Bernd Kaiser

Personal information
- Born: 11 April 1951 (age 75)
- Height: 168 cm (5 ft 6 in)
- Weight: 51 kg (112 lb)

Sport
- Sport: Rowing
- Club: SC Berlin-Grünau

Medal record
Men's rowing
Representing East Germany
World Rowing Championships
| Gold medal – first place | 1978 Cambridge | Eight |

= Bernd Kaiser =

German rower

Bernd Kaiser (born 11 April 1951) is a German coxswain. He was the cox of the East German eight that became world champion in 1978.

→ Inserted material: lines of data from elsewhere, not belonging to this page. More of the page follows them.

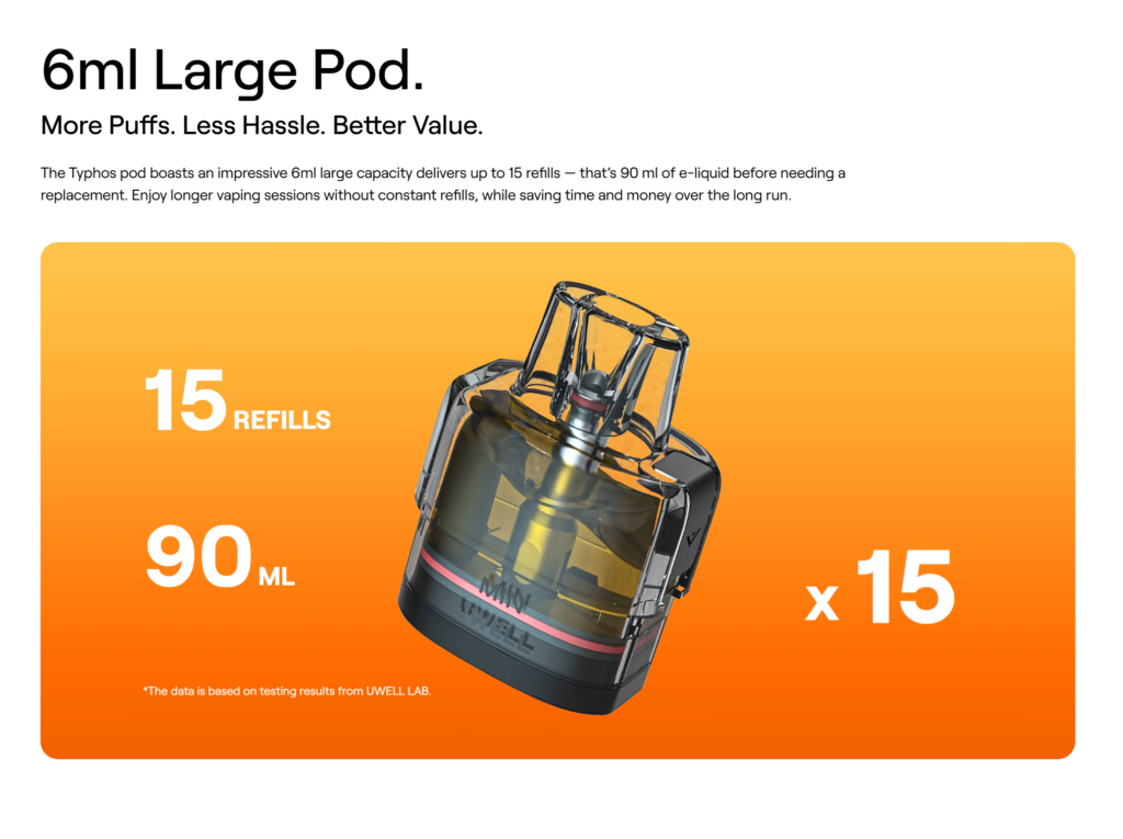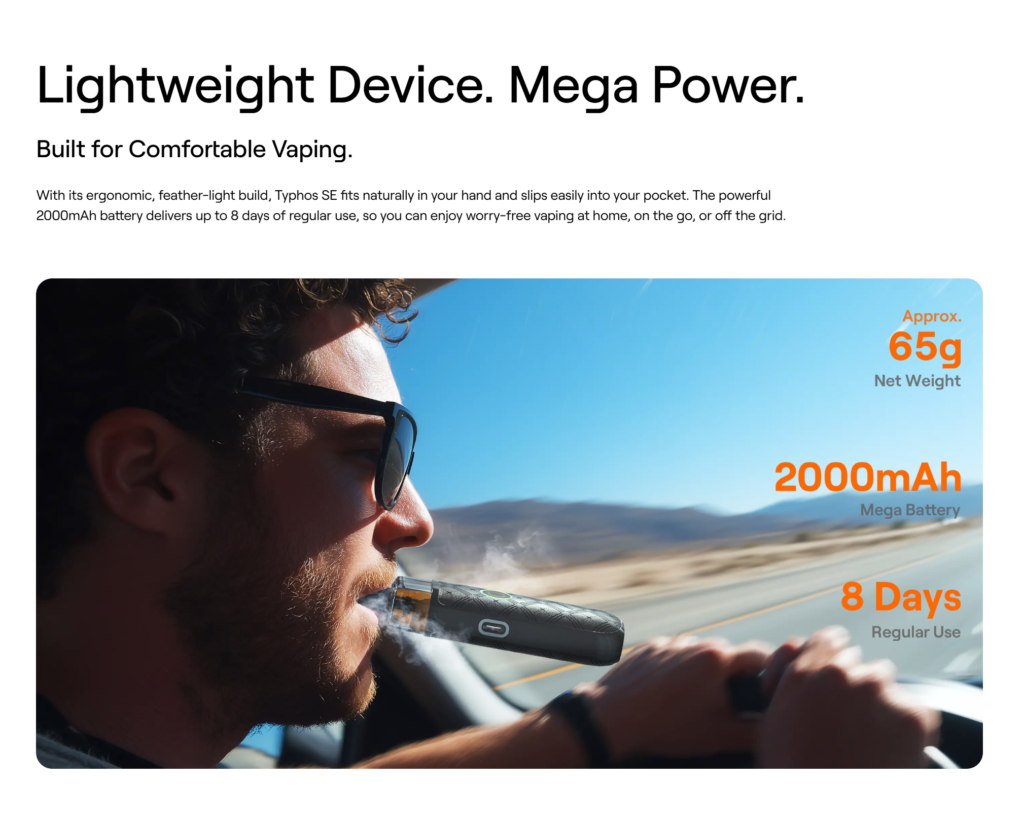 The 6ml large pod reduces the need for frequent refills, making it ideal for all-day use. Combined with a 2000mAh battery, the Typhos SE delivers extended vaping sessions without sacrificing portability or convenience.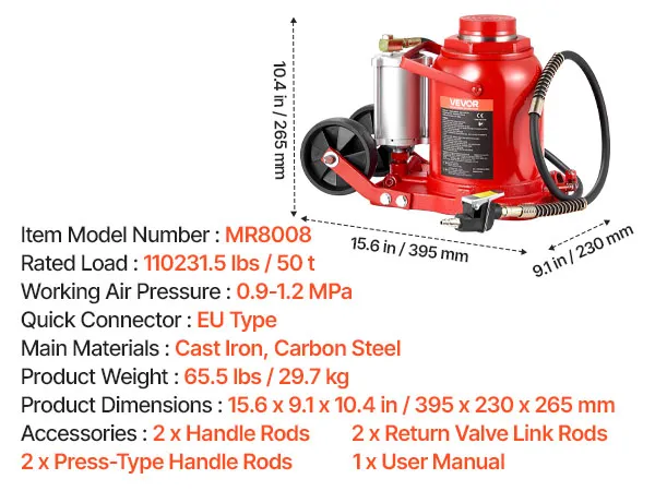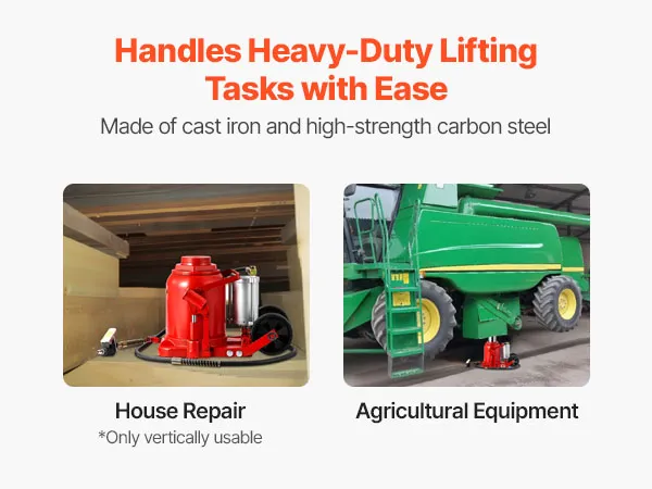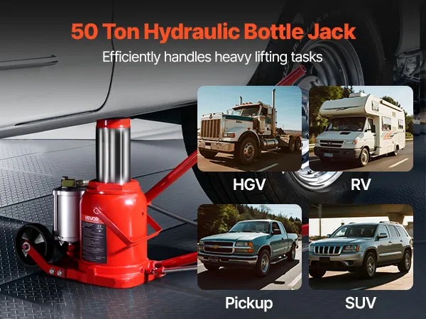 Sollevamento pesante: con una capacità di sollevamento fino a 50 tonnellate (110.231,5 libbre), questo cric idraulico a bottiglia gestisce camion con cassone, camper e SUV con facilità, ideale per cambi pneumatici e ispezioni rapide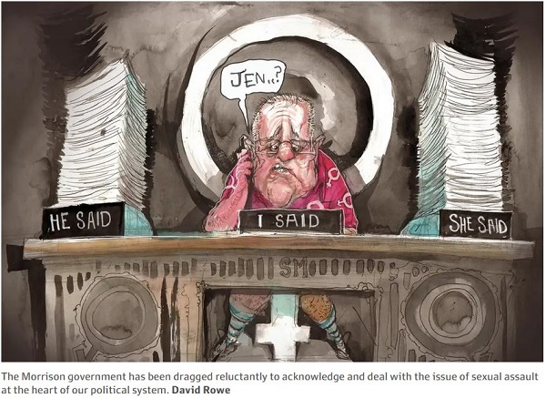 - On Thursday, Scott Morrison rejected calls for an independent inquiry into the allegation — such as the one ordered by High Court chief justice Susan Kiefel into allegations of sexual harassment by former judge Dyson Heydon — saying “that would say that our rule of law and our police are not competent to deal with these issues”.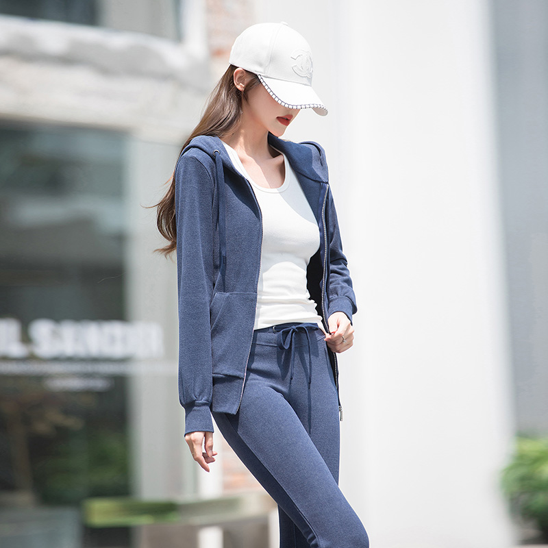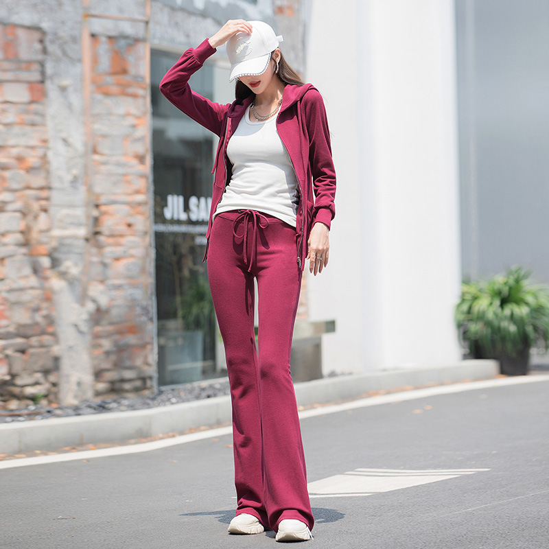 2022 Spring loaded new casual sports suit women's spring autumn season upfront running horn pants vegemon two-piece suit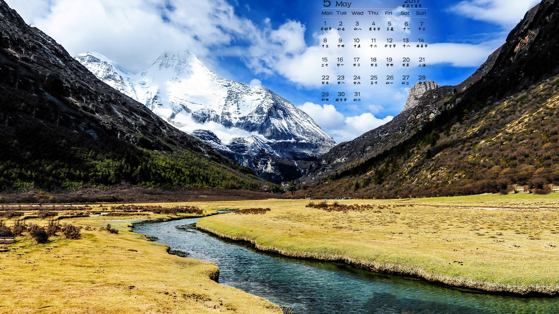 2017年5月 雪山 草地 河流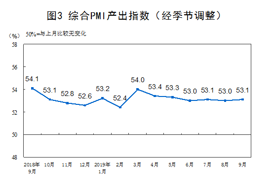 2019年9月份,综合PMI产出指数为53.1%,略高于上月0.1个百分点,表明我国企业生产运营总体平稳。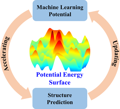下图呈现了一个闭环工作流,包括势能面采样、机器学习势训练、结构预测和模型更新,体现了机器学习势在动态模拟中的自洽性。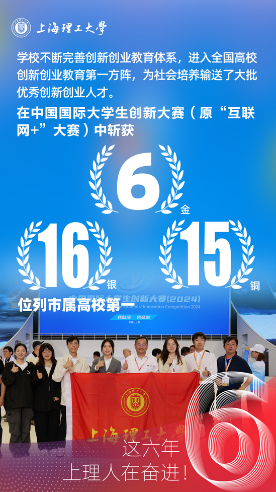 這六年,上海理工大學不斷完善創(chuàng)新創(chuàng)業(yè)教育體系,進入全國高校創(chuàng)新創(chuàng)業(yè)教育“第一方陣”,為社會培養(yǎng)輸送了大批優(yōu)秀創(chuàng)新創(chuàng)業(yè)人才。在中國國際大學生創(chuàng)新大賽(原“互聯(lián)網(wǎng)+”大賽)中斬獲6金、16銀、15銅,位列市屬高校第一。

The 1.68 m tall and 51 kg heavy Kaiser started for SC Dynamo Berlin and won his first GDR national championship with the eight in 1972; however, that year the Olympic team did not take part in the championship. Kaiser won his second GDR championship title in 1978. For the 1978 World Rowing Championships on Lake Karapiro in New Zealand, an East German team was formed to which rowers from the winning and vice-champion boats of the GDR championships belonged. Matthias Schumann, Ulrich Karnatz, Gerd Sredzki, Andreas Ebert, Friedrich-Wilhelm Ulrich, Harald Jährling, Uwe Dühring, Bernd Höing and coxswain Kaiser were victorious in New Zealand, with West Germany and New Zealand winning the other medals.

At the GDR championships in 1981 and 1982, Kaiser coxed the third-placed eight. In 1983 he won his third GDR championship title in this boat class. Hendrik Reiher, however, replaced Kaiser at the 1983 World Rowing Championships. In 1983 and 1984, Kaiser won two further national titles with the coxed four.